I am using the AWS Java SDK in a kind of service task. I have implemented the ‘service task’ as a script task using groovy. I have installed the AWS SDK jar into the Tomcat container lib folder.
When I use the process model in a servlet based web application using the Camunda maven template, all works fine. (I have added the AWS SDK maven dependency into the pom file).
If I now take the exact same bpmn file and deploy it using the cockpit deploy API, I get a runtime exception. In particular, the stacktrace indicates that deep with the AWS SDK it throws a class not found exception.
Hence my question, is there some sort of class loader difference between a process application versus a standalone deployment within the groovy script engine?

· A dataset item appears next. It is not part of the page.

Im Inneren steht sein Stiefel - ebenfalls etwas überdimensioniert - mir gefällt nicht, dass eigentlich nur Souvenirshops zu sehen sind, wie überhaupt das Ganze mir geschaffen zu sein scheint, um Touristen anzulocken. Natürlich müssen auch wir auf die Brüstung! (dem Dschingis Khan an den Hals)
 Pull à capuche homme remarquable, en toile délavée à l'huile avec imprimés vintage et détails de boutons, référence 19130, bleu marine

I haven’t checked this, but this is how I think it works : The difference with classloading in this case is that with a process application the script is executed in the context of the process application’s classloader (which delegates to the container’s shared classloader). In case of deployment via Cockpit (if not registered with a process application), the process engine’s classloader is used which in case of a shared engine should be the container’s shared classloader.
If that is correct, then I guess that the missing class was present in your process application but was missing in the shared lib folder. If the missing class is part of the AWS SDK jar, then I am puzzled that some classes can be loaded and others cannot.

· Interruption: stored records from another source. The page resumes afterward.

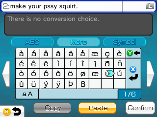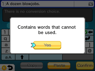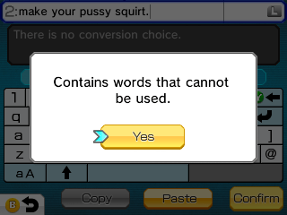 The 3DS version does try to block some naughty words, but wow… they’re still making this way too easy for me. All I have to do is add a period to make it accept most words. C’mon, at least give me a challenge!
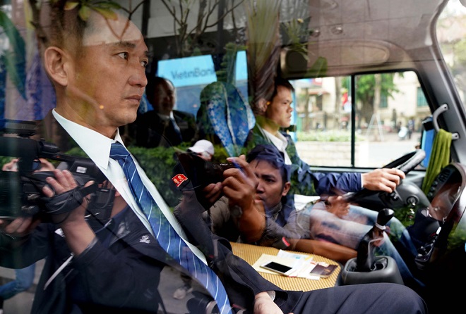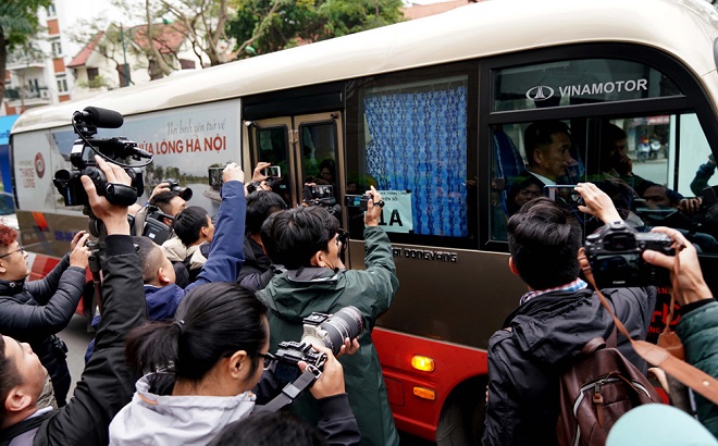 Phóng viên trong nước và quốc tế bao vây đoàn xe an ninh và báo chí Triều Tiên khi vừa về tới khách sạn Melia. Ảnh: Zing.vn |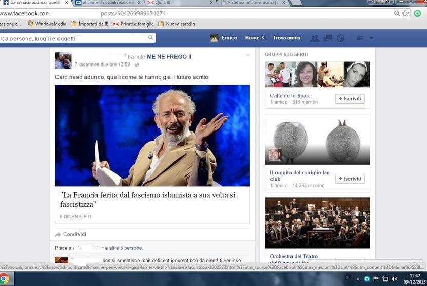 F.P. ha pubblicato sul suo profilo Facebook una fotografia del giornalista Gad Lerner corredata dal commento: «Caro naso adunco, quelli come te hanno già il futuro scritto».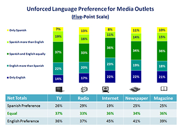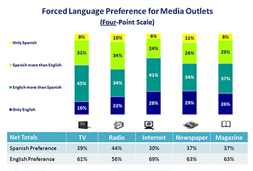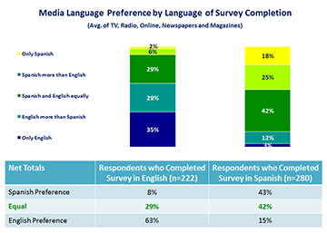 These findings translate into two key implications for researchers and marketers. The first is that, whenever possible, language preference for media consumption should be asked systematically when conducting research among this audience. Furthermore, that any question referring to language of preference for media consumption should avoid forcing respondents to choose one language over the other; a mid-point option of equal preference or no preference should be included.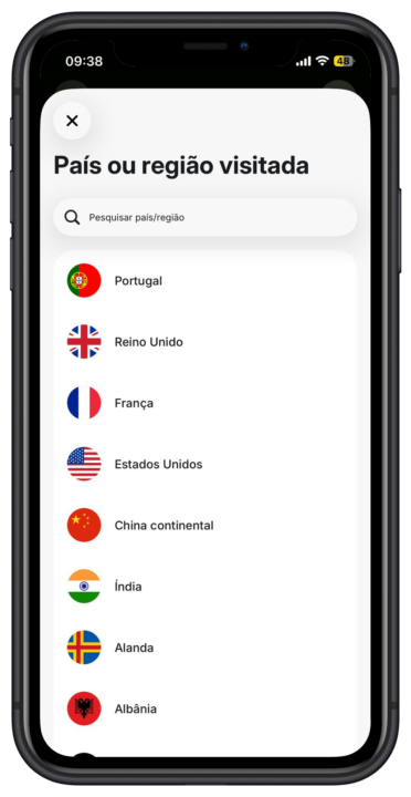 - Deslizar até ao fundo da lista de países e clicar no país adicionado;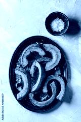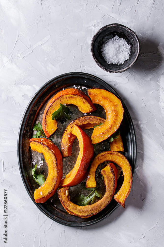Roasted sliced pumpkin with greens and sea salt. Served on vintage metal tray over gray concrete texture background. Top view with space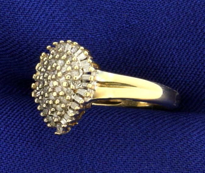 In 10k yellow gold. Containing twenty seven round .01ct diamonds and twenty nine baguette .01ct diamonds. Size 5. 2.3g.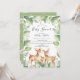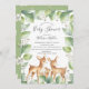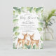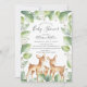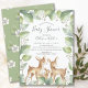 Cute baby hjort med mamma och pappa med bladgröna och udda vita blommor. Vänd över vårt par inbjudan för att se en samordnande blommigt tillbaka för en speciell beröring i extra.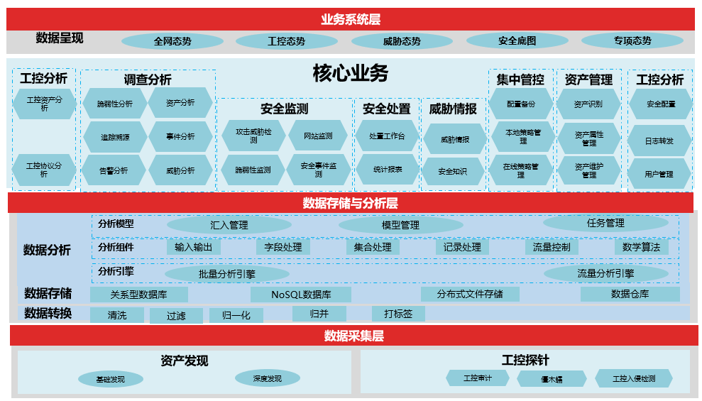 通過建設分布式工業互聯網數據采集系統數據處理及存儲系統等子系統,構建省級工業互聯網安全監測與態勢感知平臺和企業級態勢分析系統從監管層面實現省級工業互聯網安全全面及實時的監測

This is precisely my expectation as well. The stacktrace gives me a classdef not found within the AWS library, hence puzzling…I will try to dig deeper…
Happy debugging. To narrow down the problem, you could try setting the engine configuration option
false. There were issues in that area in combination with the Groovy scripting engine, see https://app.camunda.com/jira/browse/CAM-3432 (the gist there was that the Groovy scripting engine caches a classloader that may or may not become invalid over time).

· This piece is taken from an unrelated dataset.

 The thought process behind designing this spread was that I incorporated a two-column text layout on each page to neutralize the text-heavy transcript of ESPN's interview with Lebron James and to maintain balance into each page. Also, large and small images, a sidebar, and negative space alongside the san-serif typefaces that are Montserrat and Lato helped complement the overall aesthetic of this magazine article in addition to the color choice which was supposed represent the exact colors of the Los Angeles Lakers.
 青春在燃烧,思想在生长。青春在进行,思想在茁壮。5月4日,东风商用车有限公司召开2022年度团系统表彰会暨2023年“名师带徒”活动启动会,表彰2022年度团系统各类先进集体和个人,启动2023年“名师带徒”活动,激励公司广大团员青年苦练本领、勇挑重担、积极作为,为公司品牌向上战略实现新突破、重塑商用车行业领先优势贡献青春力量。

Solved - issue is as follows;
Stacktrace indicates an AWS class cannot be created;
java.lang.NoClassDefFoundError: Could not initialize class com.amazonaws.partitions.PartitionsLoader
On looking at the AWS class source, to instantiate the AWS class requires a Jackson class. Hence I had to install the fasterxml jackson jar files. After installing these jar files, I found they used the Apache http client. hence I had to install the http client jar files.
So the short answer is during a process application build, maven is managing the dependencies behind the scenes. If you are not using maven, then you need to ensure that all the nested dependencies are explicitly accounted for and the jars must be installed in the container library.